Reporter: Mark Tamhane
HAMISH ROBERTSON: It sounds like something out of that 1960's Jane Fonda movie Barbarella or perhaps a William S. Burroughs novel, but apparently it's true. An American surgeon has patented a device that he says triggers an orgasm in women.

North Carolina pain-specialist Dr. Stuart Meloy is now looking for more female volunteers to test his device, which involves electrodes being inserted into the spinal column.

Perhaps unsurprisingly, he says he hasn't been overwhelmed by the response. Nonetheless, Dr. Meloy believes his research will make a valuable contribution to overcoming a state which he says is shared by a third of women, an inability to climax.

Mark Tamhane reports.

MARK TAMHANE: It's been dubbed the 'Orgasmatron', but Pain specialist Stuart Meloy claims no credit for the title.

STUART MELOY: Woody Allen is the man who coined that term. I haven't really assigned it myself, but people do call it that. The more medical terminology that I use is neurally augmented sexual function, or NASA for short.

MARK TAMHANE: Dr.
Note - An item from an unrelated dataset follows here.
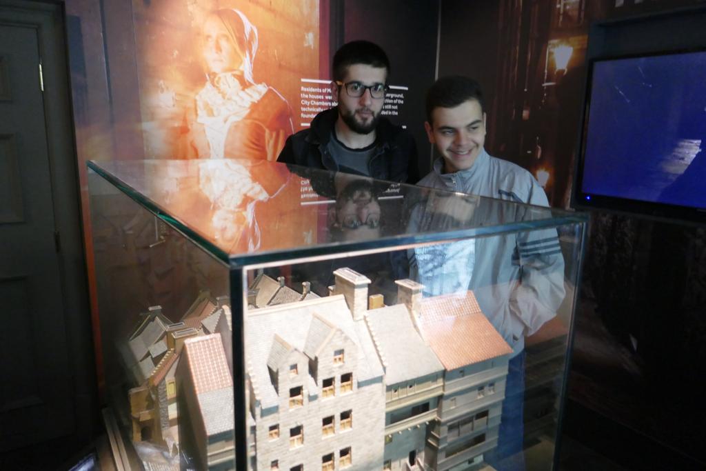 Am ersten Tag waren wir sehr aufgeregt, weil wir uns zuerst die Frage stellten, wie das Leben in Edinburgh aussehen würde. Nach dem einstündigen Flug mussten wir mit dem Bus zu unserem Hostel fahren und zunächst unsere Koffer in unsere Zimmer bringen. Später zeigten uns Herr Berg und Frau Rossi die wundervolle Stadt, Old Town. Dort empfiehlt Herr Berg sehr viele Läden für Geschenke und Essen.

Meloy says the device he's come up with involves a simple modification to a spinal cord stimulator.

STUART MELOY: A spinal chord stimulator is kind of like a pacemaker in that there's a set of electrodes that you implant in a particular part of the body and they're connected to a generator that makes electrical impulses for one reason or another.
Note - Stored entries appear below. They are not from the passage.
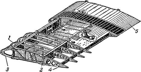Центральная часть крыла самолета ЯК-18: 1 — передний лонжерон (балка), 2— задний лонжерон, 3 — нервюра (ребро), 4 — хвостик нервюры, 5 — дюралюминиевая обшивка.
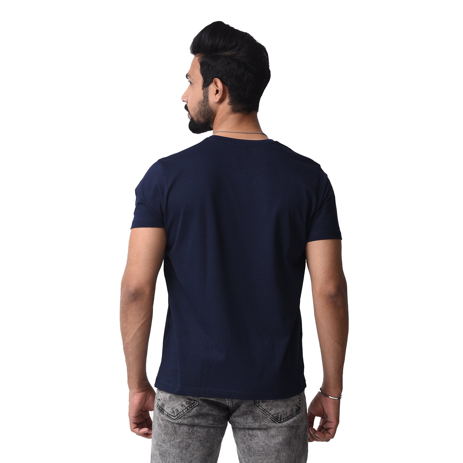 Navy Blue printed T-shirt , has a round neck and short sleeves
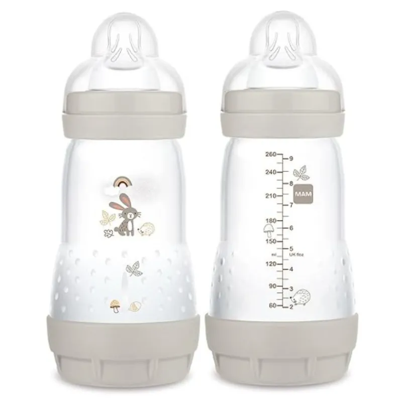 The MAM Easy Start™ Anti-Colic Bottle is the ideal baby feeding bottle for newborns: babies can drink at their own pace in a relaxed manner. Whether you’re using baby formula or expressed breast milk, MAM bottles will support you every step of the way — the elongated nipple shape feels just like mom so you can easily switch between breastfeeding and bottle feeding. The MAM Easy Start Self-Sterilizing Anti-Colic Bottle is the perfect fit for newborns, specially designed to minimize colic symptoms while feeding. The innovative vented base allows for an even drinking flow, helping to reduce colic for 80%* of babies.

In this case, the electrodes go in the spinal canal in a space called the epidural space, which is fairly familiar to a lot of women, simply because that's the same place that the catheter for anaesthetic for labour is put.

But we actually look at the electrode using… while it's inside the spinal canal and we move it back and forth in order to get different effects. Basically, you have remote control, you can turn it on and off, you can turn it up and down, you can change the electrical characteristic of the current and that changes the sensation that you feel.

MARK TAMHANE: Like all great inventions, Dr. Meloy's orgasm-inducing device, came about by accident.

STUART MELOY: I was originally using this as a patient in order to treat pain and then I produced this other result and then I got this idea that it would make a therapy for a different problem.

MARK TAMHANE: What did she tell you about her experience when you used this machine on her?

STUART MELOY: She was kind of surprised, as you might imagine and I was surprised too, but her comment was, you're going to have to teach my husband that.

MARK TAMHANE: Dr. Meloy says he repeated the experiment with a second woman who had enjoyed a healthy sex life but who hadn't been able to have an orgasm in four years.

STUART MELOY: And with the device in place she was able to climax every time she attempted it.

MARK TAMHANE: Did she find using the device, it might have robbed the spontaneity of the moment if you like?

STUART MELOY: It didn't seem to be a problem.

MARK TAMHANE: Stuart Meloy says he's had difficulty in finding female volunteers for an extended clinical trial of his device, even though it's been sanctioned by the US Food and Drug Administration.

He admits having a device sutured into your spinal cord, with a battery pack inserted under your skin isn't for everyone.

STUART MELOY: It's not something to do on a lark, but I think on a larger scale, this is an exceptionally common problem. I mean, we're talking about a third of adult women suffering from this kind of problem, yet as a society as a whole we're reluctant to discuss sex, so I think it's only when you get a burst of attention like this that you can communicate effectively.

Sexuality is such an enormous part of the human experience, and yet apparently it's a problem for a lot of people. I think if I can contribute to well being in terms of leading a more well rounded satisfied life for a lot of people, then I would have done good in this world.

HAMISH ROBERTSON: That was pain specialist Dr Stuart Melloy, speaking from his home near Winston-Salem in North Carolina.